Okay, that's false, but you seem to believe it. Why?

>Are you saying you can find a new_sequence_of_digits using
>diagonalization on a computable reals list?

I already answered. Absolutely I believe that. I gave you
an example.

>It's MEANINGLESS. Different digit to what?

You've already been told, many, many times. If L is
a list of reals, then antidiagonal(L) is a real that
whose first digit is different from that of the first
real in list L, whose second digit is different from
that of the second real in list L, whose third digit
is different from the third real in L, etc.

The antidiagonal is different from every single real
on the list.

>IF there are NUMEROUS different digits then there must be some FINITE >substring
>between them (inclusive) that is not a computable digit sequence.

Okay, that's false. But you seem to believe it. Why?

--
Daryl McCullough
Ithaca, NY

From: |-|ercules on 9 Jun 2010 17:13
"Daryl McCullough" <stevendaryl3016(a)yahoo.com> wrote ...
> |-|ercules says...
>>
>>"Daryl McCullough" <stevendaryl3016(a)yahoo.com> wrote ...
>>> |-|ercules says...
>>>
>>>>Are you saying you find a new_sequence_of_digits using diagonalization on
>>>>infinite lists?
>>>>
>>>>Like 260?
>>>>
>>>>How so when ALL (INFINITELY MANY) digits of ALL digit sequences are computable?
>>>
>>> Yes, all finite sequences of digits are computable. So let's
>>> go ahead and assume that we have a list that includes every
>>> finite sequence of digits. For definiteness, let's use the following
>>> rule: Let real number n be the decimal representation of n, preceded
>>> by a decimal point. So, we have:
>>>
>>> L_0 = 0.0
>>> L_1 = 0.1
>>> L_2 = 0.2
>>> ...
>>> L_10 = 0.10
>>> L_11 = 0.11
>>> ...
>>> L_100 = 0.100
>>> ...
>>>
>>> The way I've enumerated them, some numbers appear more than once. For
>>> example, L_1 is equal (as a real number) to L_10. But that doesn't matter.
>>>
>>> With this list, every finite decimal expansion occurs somewhere on the list.
>>> But not every *infinite* decimal expansion occurs. So let's apply our
>>> diagonalization procedure: we get
>>>
>>> r = 0.5555555555...
>>>
>>> This number is not on the list. It's not equal to L_0, it's not equal
>>> to L_1, it's not equal to L_2, etc.
>>>
>>> The finite approximations are on the list, however. 0.5 is equal to
>>> L_5. 0.55 is equal to L_55. 0.555 is equal to L_555. etc.
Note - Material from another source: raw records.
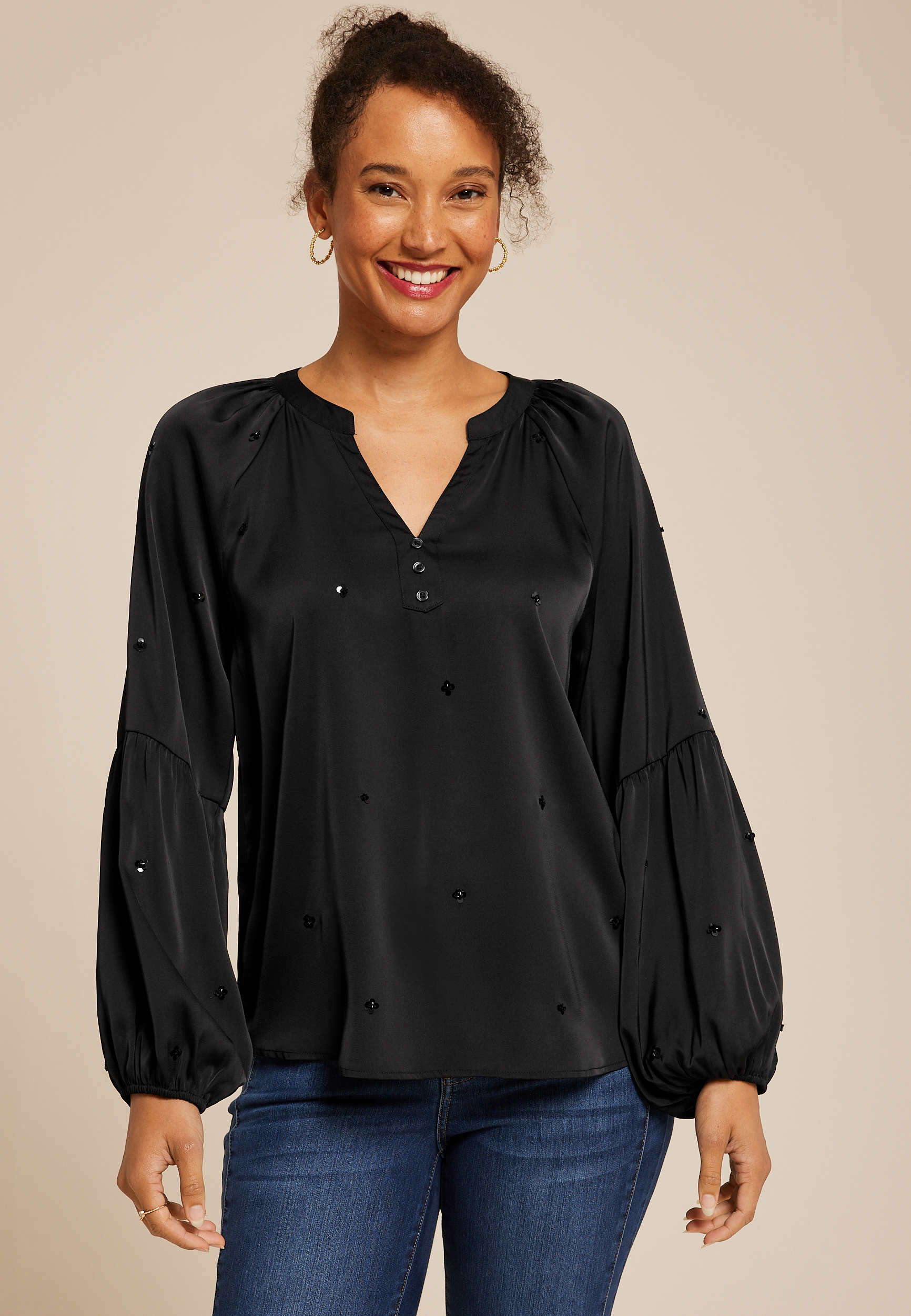 Sequin Embellished Balloon Sleeve Blouse in Chattanooga, TN
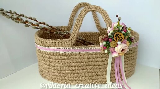 Вязальщицам на заметку!!! Вместо громоздкой плетеной - компактная вязаная Пасхальная корзина из джута. Идея создания корзины и декора к ней.
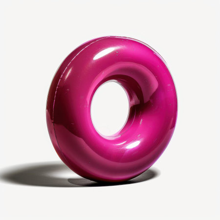 This vibrant pink doughnut shape object showcases a glossy finish, casting a playful shadow on a minimalist background, perfect for design projects and creative use.
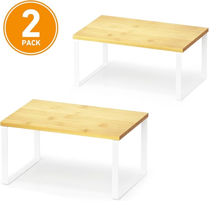 SpaceAid Cabinet Shelf Organizers 2 Pack, Kitchen Counter Rack Shelves Riser, Stackable Expandable Spice Rack, Pantry Cupboard Storage Organization (White and Natural, Short)
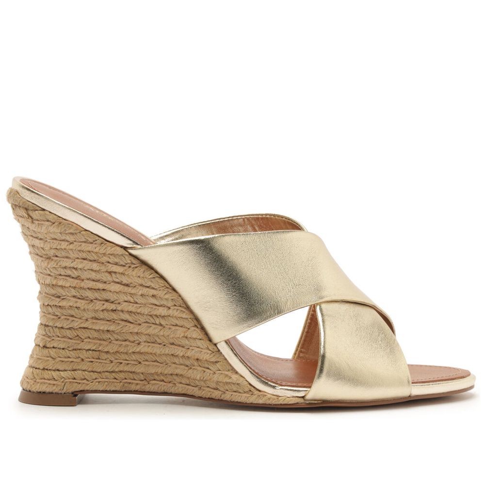 Sandália Arezzo Dourada Couro Anabela Corda Tiras Cruzadas Metalizadas
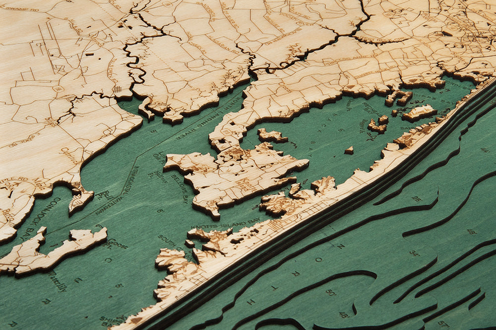 Each 3D nautical wood map is made with incredible attention to detail. Layers of natural Birch wood are laser-cut and glued together to illustrate the incredible depth that makes our 3D wood maps unique. An artist hand-stains the surrounding water, and landmarks are etched into the final wood chart. A custom wood frame and ultra-transparent acrylic put the finishing touches on this 3D map of Virginia Beach
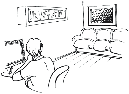 Возьмите за непреложное правило: при чтении и работе за компьютером не смотрите неотрывно и подолгу на испещренную буквами страницу, находящуюся от вас на одном и том же расстоянии, а хотя бы на несколько секунд прервите работу и посмотрите вокруг и вдаль. Как минимум один раз в течение академического часа необходимо отрывать глаза от книги. У школьников и студентов такая возможность предусмотрена – между уроками и лекциями имеются перемены. А взрослый человек должен предоставить ее себе сам. Повесьте в дальнем от рабочего стола конце комнаты картину или фотографию, которую было бы интересно рассматривать (рис. 23). Лучше, если она будет многоцветной и яркой.
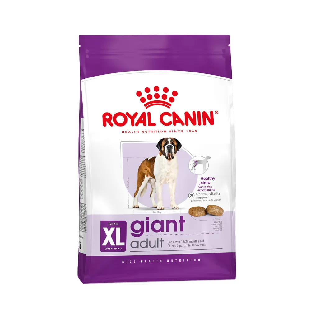 غذای سگ بالغ نژاد خیلی بزرگ یا Giant Adult جاینت ادالت رویال کنین برای سنین بالای 18 یا 24 ماه و وزن بالای 45 کیلوگرم مناسب است.
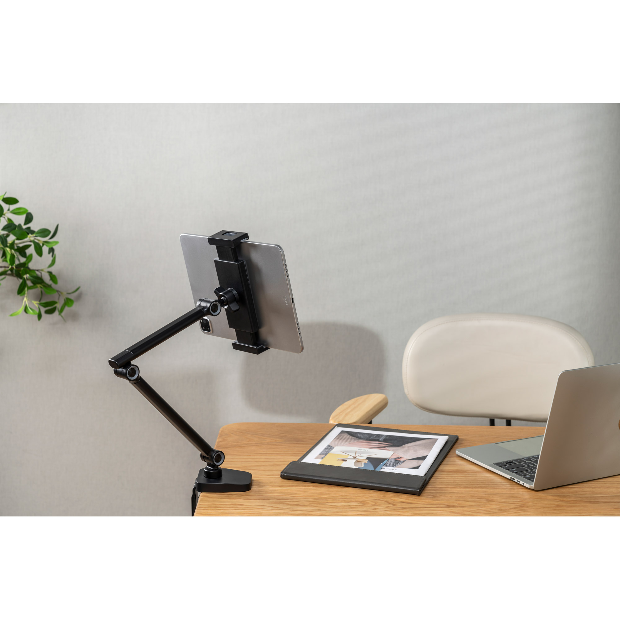 Der InLine® Tablet Halter mit Tischklemme ist das ideale Zubehör zum Arbeiten am Schreibtisch. Der Tablet Halter ist mit einem zweiteiligen Arm ausgestattet und bietet eine Arbeitshöhe von bis zu 51,5cm. Mit den variablen Klemmen passt er zu Tablets von 4,7" bis 12,9". Der Betrachtungswinkel kann individuell auf die Bedürfnisse eingestellt werden. Die Installation kann an 10-55mm starken Tischplatten erfolgen und ist perfekt geeignet für z. B. Live Streaming, Arbeit und Video Chat.
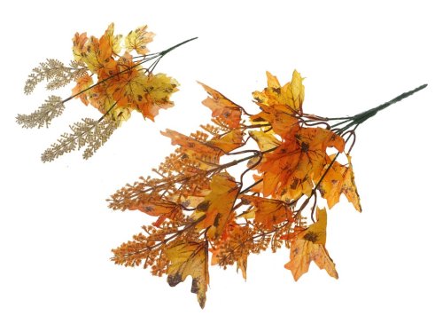 Dekoračná vetvička s dĺžkou 400 mm s jesenným motívom v kombinácii oranžovej a bielej farby. Farebné prevedenie je dodávané v mixe, jednotlivé kusy sa môžu líšiť vzhľadom aj odtieňom.

But the
>>> full number 0.555... (which happens to be the decimal representation
>>> of the fraction 5/9) is not anywhere on the list.
>>
>>
>>You split my 2 related questions and gave trivial solutions to each.
>
> As I said, your questions are completely incoherent nonsense. I'm
> trying to give coherent responses, but you have to meet my half-way,
> and not continue to spout gobbledy-goop.
>
>>ALL (INFINITELY MANY) digits of ALL digit sequences are computable!
>
> Okay, that's false, but you seem to believe it. Why?


What about

ALL digit sequences are computable to ALL finite lengths.

If you agree, you just took your first steps into a larger world.

You should contemplate for a moment that I do follow your diagonal argument.

I just disagree that specifying "it's different at digit N to the Nth real and it's different..."
literally gives any new sequence of digits that are not computable.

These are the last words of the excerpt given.